This is great news:
The Ninth Circuit Court of Appeals ruled last Tuesday that Web loggers, website operators and e-mail list editors can’t be held responsible for libel for information they republish, extending crucial First Amendment protections to do-it-yourself online publishers.
Online free speech advocates praised the decision as a victory. The ruling effectively differentiates conventional news media, which can be sued relatively easily for libel, from certain forms of online communication such as moderated e-mail lists. One implication is that DIY publishers like bloggers cannot be sued as easily.

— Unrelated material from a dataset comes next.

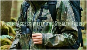 - You’ll want strategic pocket placement for quick gear access, including chest pockets for binoculars and internal compartments for field guides – multiple pocket sizes accommodate different equipment without creating bulk or noise.
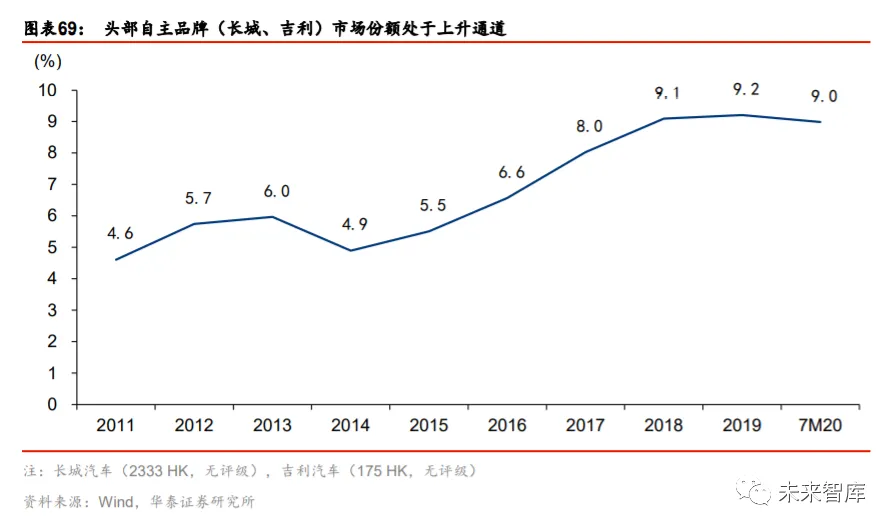 尽管中国自主品牌市场份额处于下滑趋势,但头部企业凭借不懈的努力,在品牌、研发、 制造、营销、网络等方面持续投入,逐步发展壮大,在国内汽车市场中的份额总体处于上 升趋势。考虑到部分小型自主品牌逐步推出市场,我们认为市场份额向头部自主品牌集中 的趋势未来有可能加速。

My understanding is that this protects me when I publish information that others had wrong- and all I need to do is when informed the information is wrong (which I do anyway), correct it? Am I reading this correctly, lawyers?
Jeff
I am not sure it is as clear as you have just stated. The opinion itself is located here(http://caselaw.lp.findlaw.com/data2/circs/9th/0156380p.pdf) The Court identified a number of hurdles that the defendant has to clear before he is immune from suit. For example, the court here made an inquiry as to whether the posted information was truly supplied by a third party (in which case it might trigger immunity from suit) or was in fact authored by the defendant himself. Likewise, if I sent you a private email containing defamatory material that I did not intend to be posted on balloon juice, it is possible that you could be liable if you chose to post it. Just some brief thoughts (I have not reviewed the entire opinion yet).
Mike the Analyst
Another good reason (besides the obvious one) to CREDIT YOUR SOURCES.